## [Data shown]
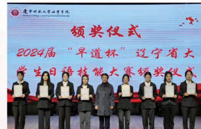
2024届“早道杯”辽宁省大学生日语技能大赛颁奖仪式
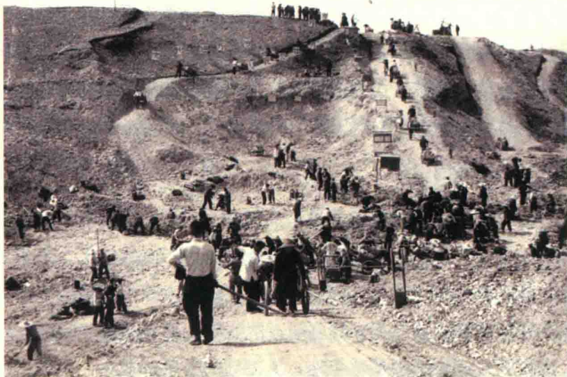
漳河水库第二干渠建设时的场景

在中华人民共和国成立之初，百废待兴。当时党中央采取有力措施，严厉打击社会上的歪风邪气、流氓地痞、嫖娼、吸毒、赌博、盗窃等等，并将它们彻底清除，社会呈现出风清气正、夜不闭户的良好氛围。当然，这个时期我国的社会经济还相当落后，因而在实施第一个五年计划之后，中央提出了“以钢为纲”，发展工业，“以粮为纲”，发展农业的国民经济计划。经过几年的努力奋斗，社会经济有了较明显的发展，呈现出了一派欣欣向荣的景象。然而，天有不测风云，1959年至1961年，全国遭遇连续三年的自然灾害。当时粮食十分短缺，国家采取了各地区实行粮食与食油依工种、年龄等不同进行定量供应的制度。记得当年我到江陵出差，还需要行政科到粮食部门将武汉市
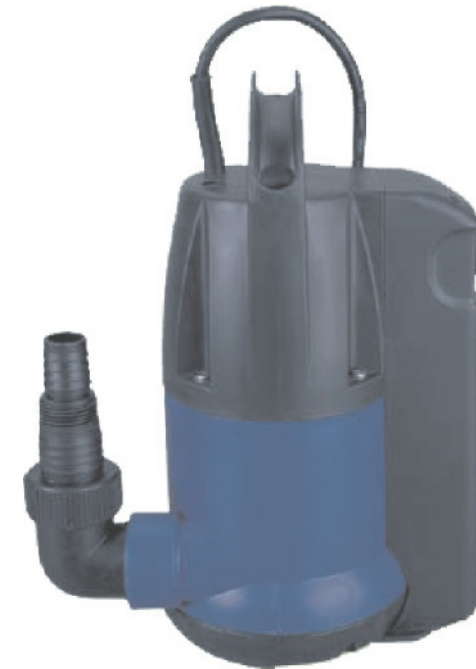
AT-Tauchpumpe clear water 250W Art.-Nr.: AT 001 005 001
---
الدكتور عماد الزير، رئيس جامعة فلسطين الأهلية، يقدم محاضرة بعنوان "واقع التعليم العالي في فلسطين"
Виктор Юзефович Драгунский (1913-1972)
==
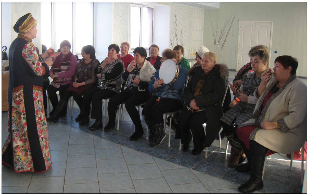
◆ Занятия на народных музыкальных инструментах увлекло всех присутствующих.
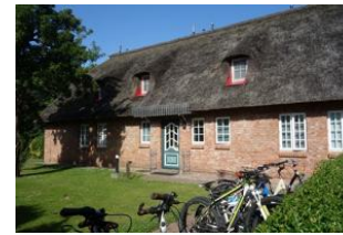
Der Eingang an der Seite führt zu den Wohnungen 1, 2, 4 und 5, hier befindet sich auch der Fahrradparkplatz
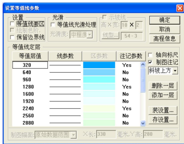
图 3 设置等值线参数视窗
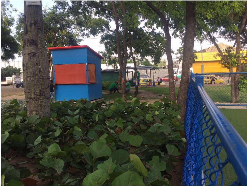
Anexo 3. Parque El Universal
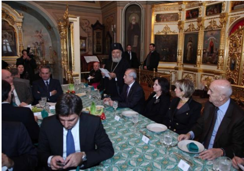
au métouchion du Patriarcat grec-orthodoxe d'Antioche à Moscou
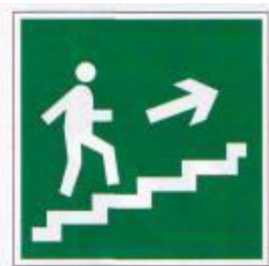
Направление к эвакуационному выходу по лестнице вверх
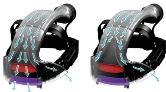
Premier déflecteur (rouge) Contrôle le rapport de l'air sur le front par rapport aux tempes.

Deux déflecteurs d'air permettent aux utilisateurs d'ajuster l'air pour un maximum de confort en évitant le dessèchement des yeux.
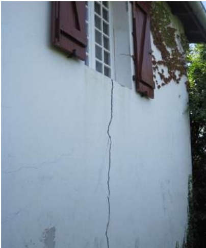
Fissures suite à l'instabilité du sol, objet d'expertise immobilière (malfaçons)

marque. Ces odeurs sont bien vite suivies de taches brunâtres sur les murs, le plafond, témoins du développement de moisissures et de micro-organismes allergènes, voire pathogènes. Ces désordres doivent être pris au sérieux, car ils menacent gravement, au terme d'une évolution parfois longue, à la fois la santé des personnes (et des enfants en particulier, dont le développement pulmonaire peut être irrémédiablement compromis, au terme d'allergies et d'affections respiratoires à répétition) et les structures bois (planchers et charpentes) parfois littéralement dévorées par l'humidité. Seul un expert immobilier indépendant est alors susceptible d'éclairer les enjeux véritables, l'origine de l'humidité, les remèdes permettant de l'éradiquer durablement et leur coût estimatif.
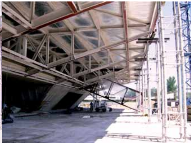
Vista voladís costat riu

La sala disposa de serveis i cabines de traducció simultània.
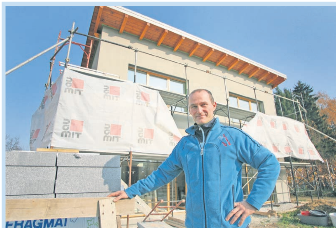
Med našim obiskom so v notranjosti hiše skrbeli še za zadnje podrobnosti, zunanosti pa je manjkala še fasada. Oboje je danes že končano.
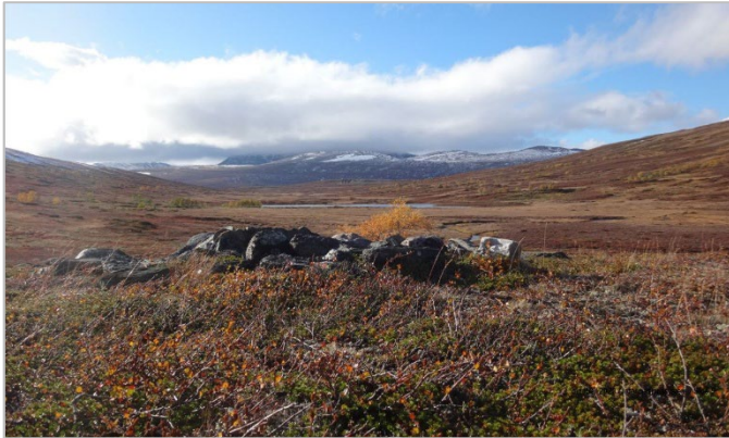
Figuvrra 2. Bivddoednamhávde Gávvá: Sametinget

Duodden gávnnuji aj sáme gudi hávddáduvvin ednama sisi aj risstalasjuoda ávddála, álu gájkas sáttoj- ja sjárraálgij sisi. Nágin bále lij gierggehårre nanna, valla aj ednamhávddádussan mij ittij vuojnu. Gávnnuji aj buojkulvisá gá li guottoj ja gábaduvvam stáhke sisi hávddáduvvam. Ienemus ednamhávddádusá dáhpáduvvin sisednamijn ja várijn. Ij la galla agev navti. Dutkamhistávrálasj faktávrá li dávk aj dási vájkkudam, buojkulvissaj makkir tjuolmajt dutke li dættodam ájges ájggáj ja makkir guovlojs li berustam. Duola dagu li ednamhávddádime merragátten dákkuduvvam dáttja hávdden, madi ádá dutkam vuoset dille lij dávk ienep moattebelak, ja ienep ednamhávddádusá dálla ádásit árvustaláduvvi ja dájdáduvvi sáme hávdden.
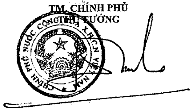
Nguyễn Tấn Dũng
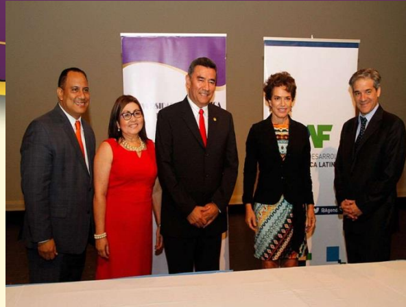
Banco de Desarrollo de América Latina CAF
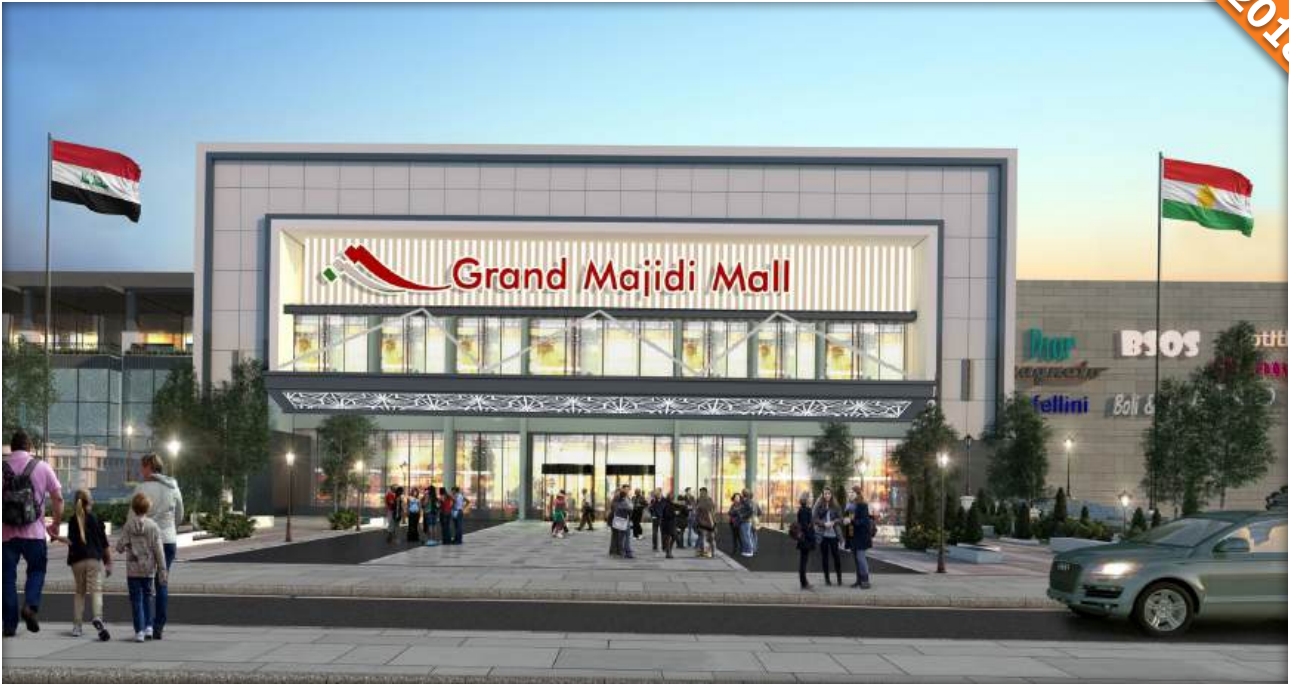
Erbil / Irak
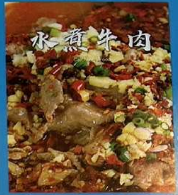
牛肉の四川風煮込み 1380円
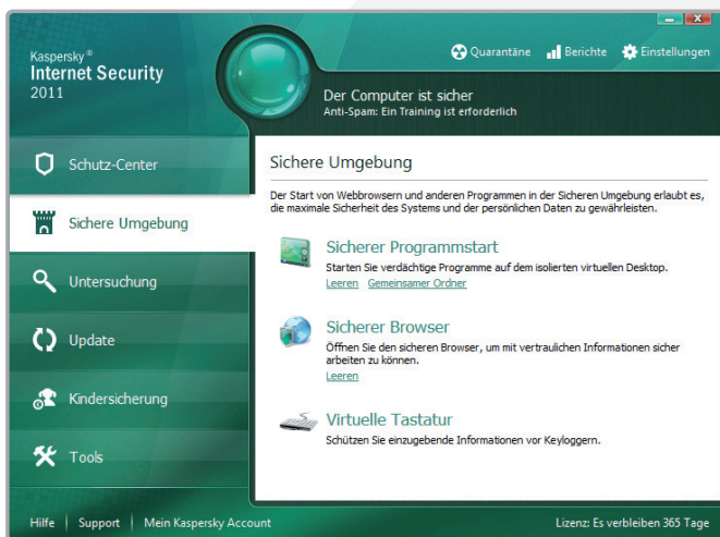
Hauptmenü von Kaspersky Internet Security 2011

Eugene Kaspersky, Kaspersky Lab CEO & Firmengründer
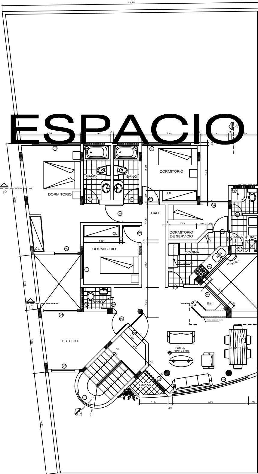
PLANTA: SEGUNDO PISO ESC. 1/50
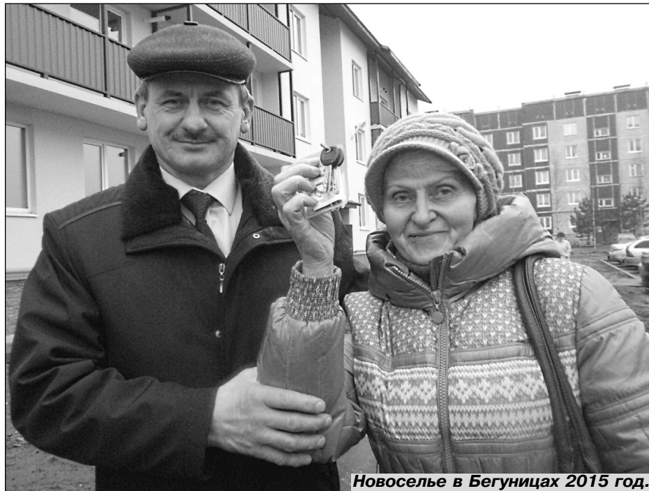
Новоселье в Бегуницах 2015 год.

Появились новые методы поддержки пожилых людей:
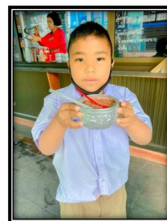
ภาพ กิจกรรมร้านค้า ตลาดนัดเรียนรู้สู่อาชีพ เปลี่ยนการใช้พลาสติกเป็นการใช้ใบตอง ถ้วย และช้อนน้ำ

## [What the task asks]
Look through the records for the word "Kaspersky". Every line that has it should be copied.

## [Solution]
Hauptmenü von Kaspersky Internet Security 2011
Eugene Kaspersky, Kaspersky Lab CEO & Firmengründer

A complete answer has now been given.